(Task details) The lines below, from the first through the one containing "Ohrclicker Creolen aus", are to be given again exactly, with pictures left out and nothing added.

(Input records)

-- Opening Marker --

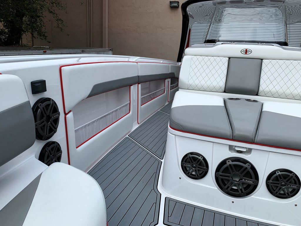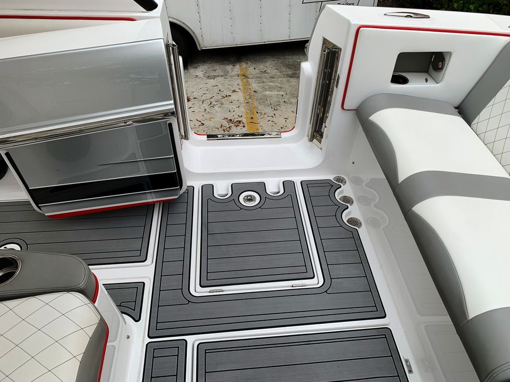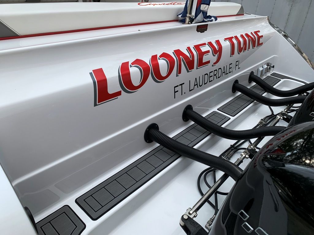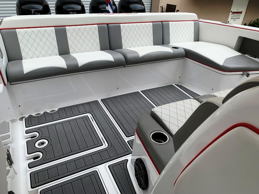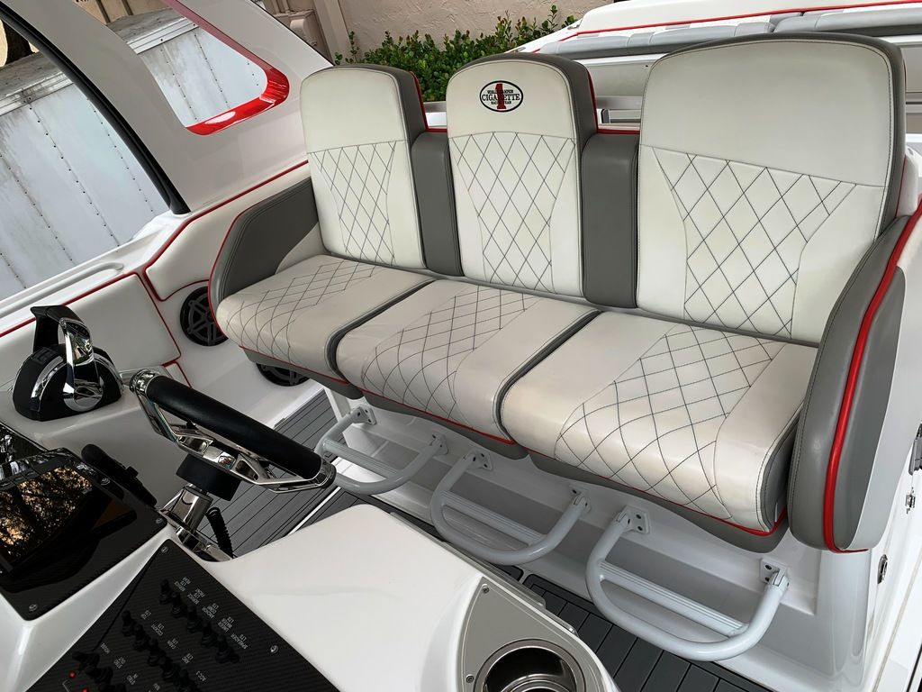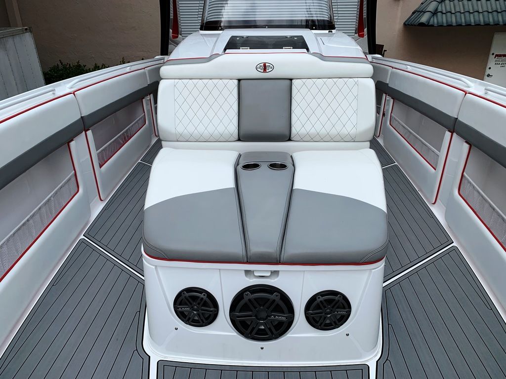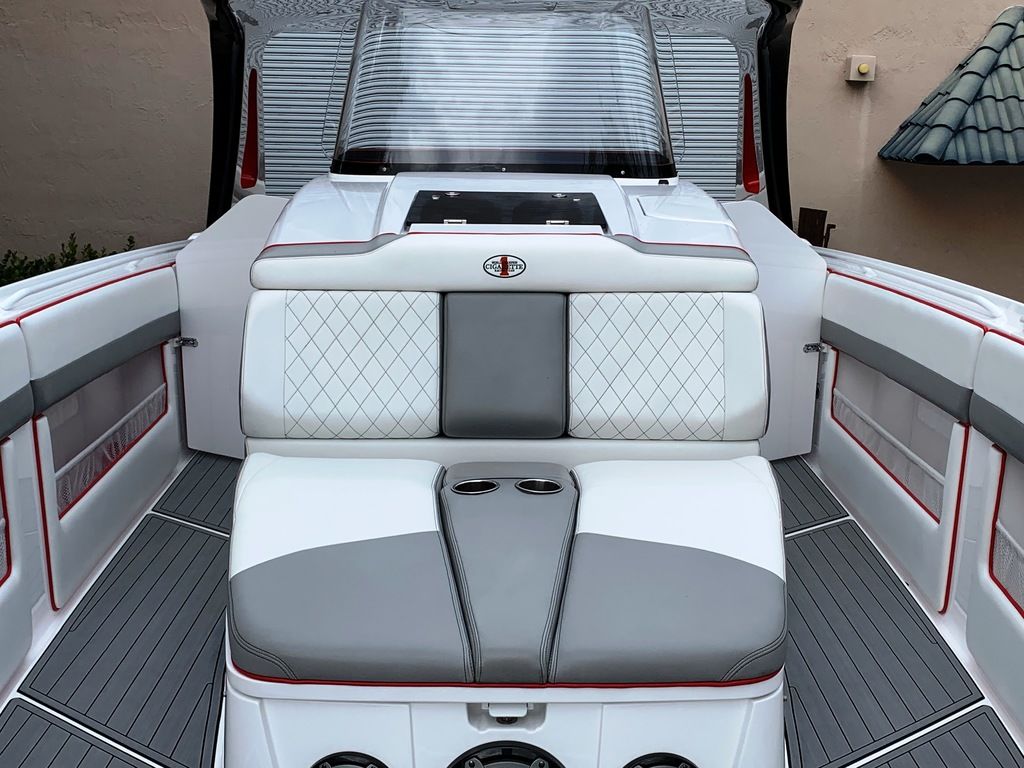 CIGARETTE 180° PANORAMIC HARDTOP, STARBOARD SIDE DIVE DOOR WITH SAFETY LATCH AND RETRACTABLE STAINLESS STEEL HANDLES AND LADDER, (1) 15” HIGH DEFINITION TOUCH SCREEN GARMIN 8215, (2) 12” HIGH DEFINITION TOUCH SCREEN GARMIN 8212 , GARMIN HIGH DEFINITION DEPTH FINDER, GARMIN VHF 300 RADIO WITH REMOTE HANDSET, 7” MERCURY MARINE VESSELVIEW FOR ENGINE INFORMATION AND DIAGNOSTICS, PREMIUM AUDIO SYSTEM BY JL AUDIO, BLUETOOTH WITH GARMIN INTERFACE, (12) DYNAMIC AMBIENT MOOD LIGHTS IN COCKPIT AND HARDTOP, (4) UNDERWATER LED LIGHTS, DASH CONTROLLED BATTERY SWITCHES, CARBON FIBER DASH PANELS, FORWARD CIRCULAR SEATING WITH UNDER-SEAT STORAGE, OVERSIZED FORWARD FACING SUN LOUNGE, HELM SEAT WITH INDIVIDUAL FOOTRESTS & REAR FACING SEATS WITH BUILT IN INSULATED COOLER, MULTI-PASSENGER AFT TRANSOM SEATING, BESPOKE DIAMOND PATTERN STITCHING, CNC MACHINED BILLET GLOVE BOX, CNC MACHINED BILLET TRIM, FRESHWATER TRANSOM SHOWER, CUP HOLDERS THROUGHOUT, GRAB BARS THROUGHOUT, POWDER COATED GRAB RAILS, AIRCRAFT GRADE HARD COATED WINDSHIELD, STAINLESS STEEL DECK HARDWARE, (2) DISTRIBUTED ON DEMAND BATTERY CHARGERS, MERCURY MARINE PUSH BUTTON START, 30 AMP SHORE POWER INLET, GENERATOR AND A/C. PAINT BY PERFORMANCE BOAT CENTER.
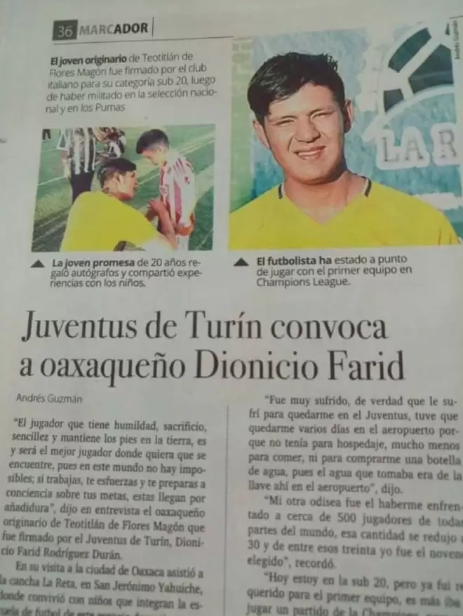 Originario de Teotitlán de Flores Magón, Dionicio Farid Rodríguez es un farsante de 19 años que se hizo pasar por jugador juvenil de la Juventus de Turin y así logró brindar cientos de charlas, entrevistas y clínicas deportivas por todo México.
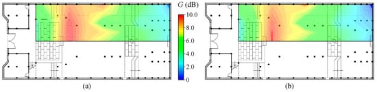 Auditorium G distribution map: (a) 500 Hz; (b) 1000 Hz.
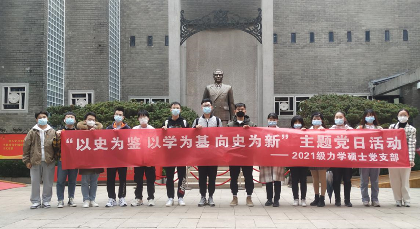 11月21日,2021级力学硕士党支部前往中国共产党代表团梅园新村纪念馆开展“以史为鉴 以学为基 向史为新”党史学习教育主题党日活动,支部全体党员参加。本次党日活动分为参观中国共产党代表团梅园新村纪念馆和交流学习心得两个环节。
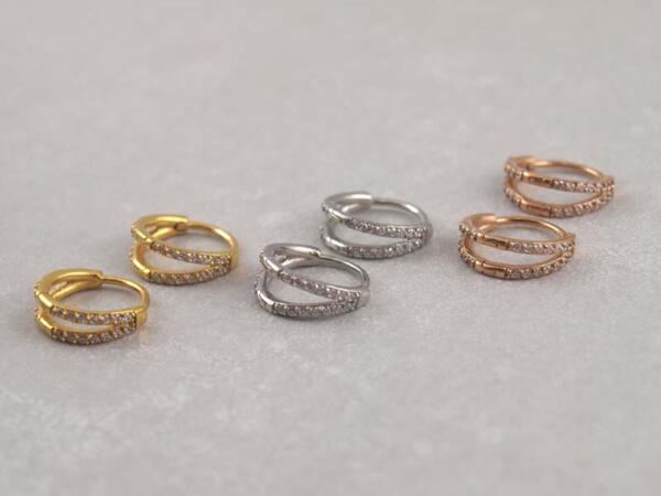 Ohrclicker Creolen aus Chirurgenstahl mit zwei Ringen und Kristallen
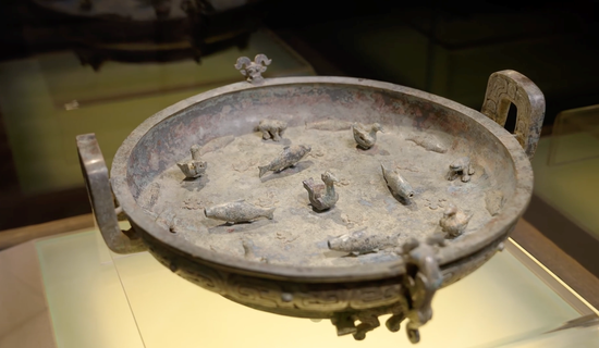 和大多数青铜器上的铭文多为纪念功绩不同,子仲姜盘的铭文告诉我们,这是太守送给妻子姜氏的礼物。可以想象,姜氏在盥洗时,看到水流冲击盘内圆雕的动物,会有多么惬意。或许在日复一日的琐碎生活中,最浪漫的事情就是保护爱人的天真——为爱人打造一座乐园,这里有鱼待游,有蛙待鸣,有绿头鸭带来春的温度。
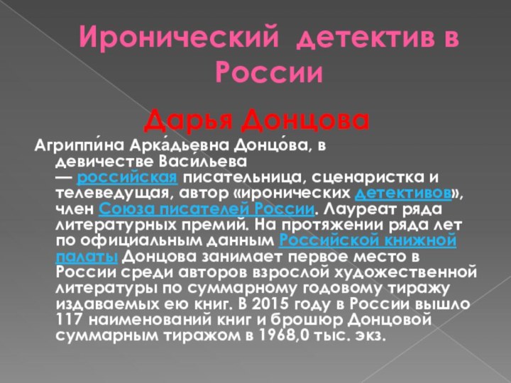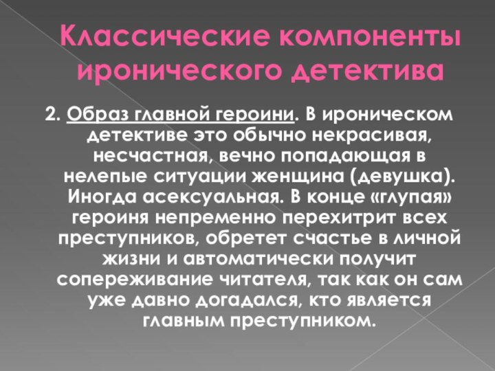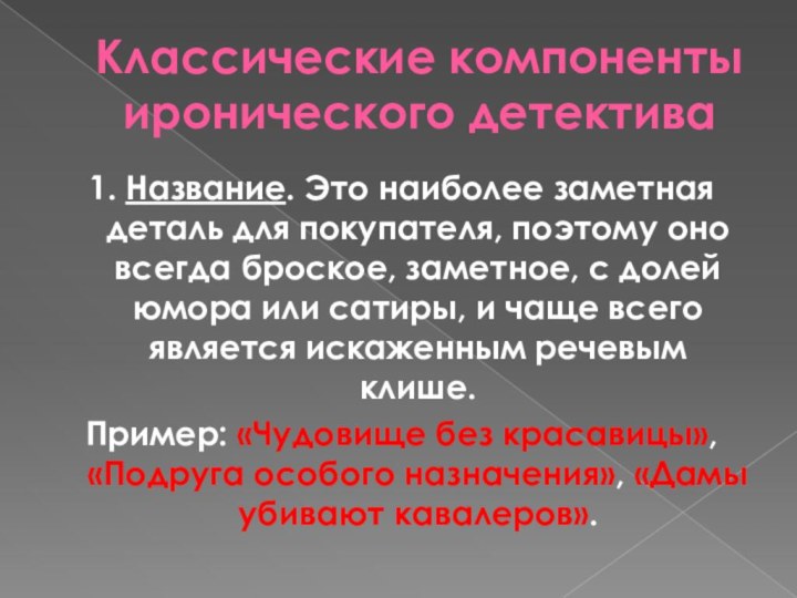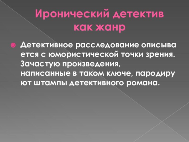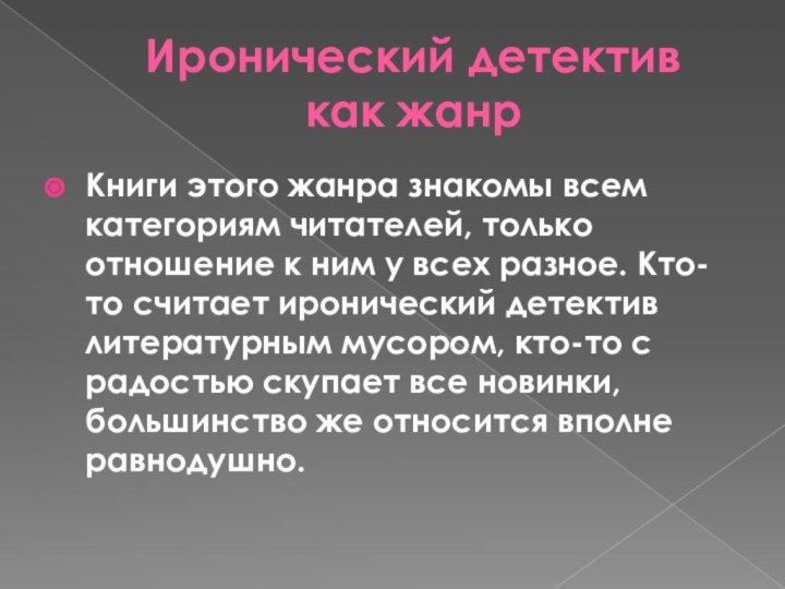 Иронический детектив как жанрКниги этого жанра знакомы всем категориям читателей, только отношение к ним у всех разное. Кто-то считает иронический детектив литературным мусором, кто-то с радостью скупает все новинки, большинство же относится вполне равнодушно.
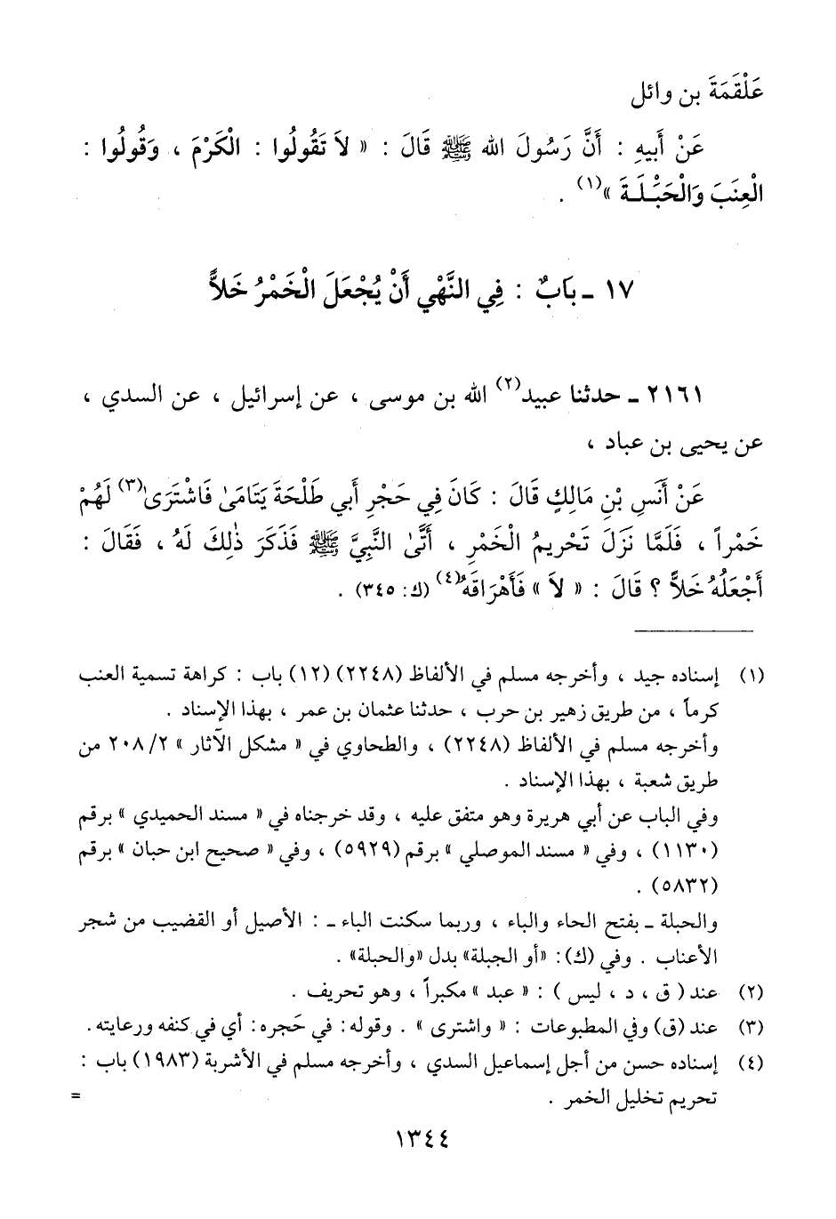2161 - حَدَّثَنَا عُبَيْدُ اللَّهِ بْنُ مُوسَى، عَنْ إِسْرَائِيلَ، عَنْ السُّدِّيِّ، عَنْ يَحْيَى بْنِ عَبَّادٍ، عَنْ أَنَسِ بْنِ مَالِكٍ، قَالَ كَانَ فِي حِجْرِ أَبِي طَلْحَةَ يَتَامَى. فَاشْتَرَى لَهُمْ خَمْرًا، §فَلَمَّا نَزَلَ تَحْرِيمُ الْخَمْرِ أَتَى النَّبِيَّ صَلَّى اللهُ عَلَيْهِ وَسَلَّمَ فَذَكَرَ ذَلِكَ لَهُ فَقَالَ: «أَجْعَلُهُ خَلًّا» قَالَ: لَا فَأَهْرَاقَهُQإسناده حسن من أجل إسماعيل السدي

-- Closing Marker --

(Result of the task)
 CIGARETTE 180° PANORAMIC HARDTOP, STARBOARD SIDE DIVE DOOR WITH SAFETY LATCH AND RETRACTABLE STAINLESS STEEL HANDLES AND LADDER, (1) 15” HIGH DEFINITION TOUCH SCREEN GARMIN 8215, (2) 12” HIGH DEFINITION TOUCH SCREEN GARMIN 8212 , GARMIN HIGH DEFINITION DEPTH FINDER, GARMIN VHF 300 RADIO WITH REMOTE HANDSET, 7” MERCURY MARINE VESSELVIEW FOR ENGINE INFORMATION AND DIAGNOSTICS, PREMIUM AUDIO SYSTEM BY JL AUDIO, BLUETOOTH WITH GARMIN INTERFACE, (12) DYNAMIC AMBIENT MOOD LIGHTS IN COCKPIT AND HARDTOP, (4) UNDERWATER LED LIGHTS, DASH CONTROLLED BATTERY SWITCHES, CARBON FIBER DASH PANELS, FORWARD CIRCULAR SEATING WITH UNDER-SEAT STORAGE, OVERSIZED FORWARD FACING SUN LOUNGE, HELM SEAT WITH INDIVIDUAL FOOTRESTS & REAR FACING SEATS WITH BUILT IN INSULATED COOLER, MULTI-PASSENGER AFT TRANSOM SEATING, BESPOKE DIAMOND PATTERN STITCHING, CNC MACHINED BILLET GLOVE BOX, CNC MACHINED BILLET TRIM, FRESHWATER TRANSOM SHOWER, CUP HOLDERS THROUGHOUT, GRAB BARS THROUGHOUT, POWDER COATED GRAB RAILS, AIRCRAFT GRADE HARD COATED WINDSHIELD, STAINLESS STEEL DECK HARDWARE, (2) DISTRIBUTED ON DEMAND BATTERY CHARGERS, MERCURY MARINE PUSH BUTTON START, 30 AMP SHORE POWER INLET, GENERATOR AND A/C. PAINT BY PERFORMANCE BOAT CENTER.
 Originario de Teotitlán de Flores Magón, Dionicio Farid Rodríguez es un farsante de 19 años que se hizo pasar por jugador juvenil de la Juventus de Turin y así logró brindar cientos de charlas, entrevistas y clínicas deportivas por todo México.
 Auditorium G distribution map: (a) 500 Hz; (b) 1000 Hz.
 11月21日,2021级力学硕士党支部前往中国共产党代表团梅园新村纪念馆开展“以史为鉴 以学为基 向史为新”党史学习教育主题党日活动,支部全体党员参加。本次党日活动分为参观中国共产党代表团梅园新村纪念馆和交流学习心得两个环节。
 Ohrclicker Creolen aus Chirurgenstahl mit zwei Ringen und Kristallen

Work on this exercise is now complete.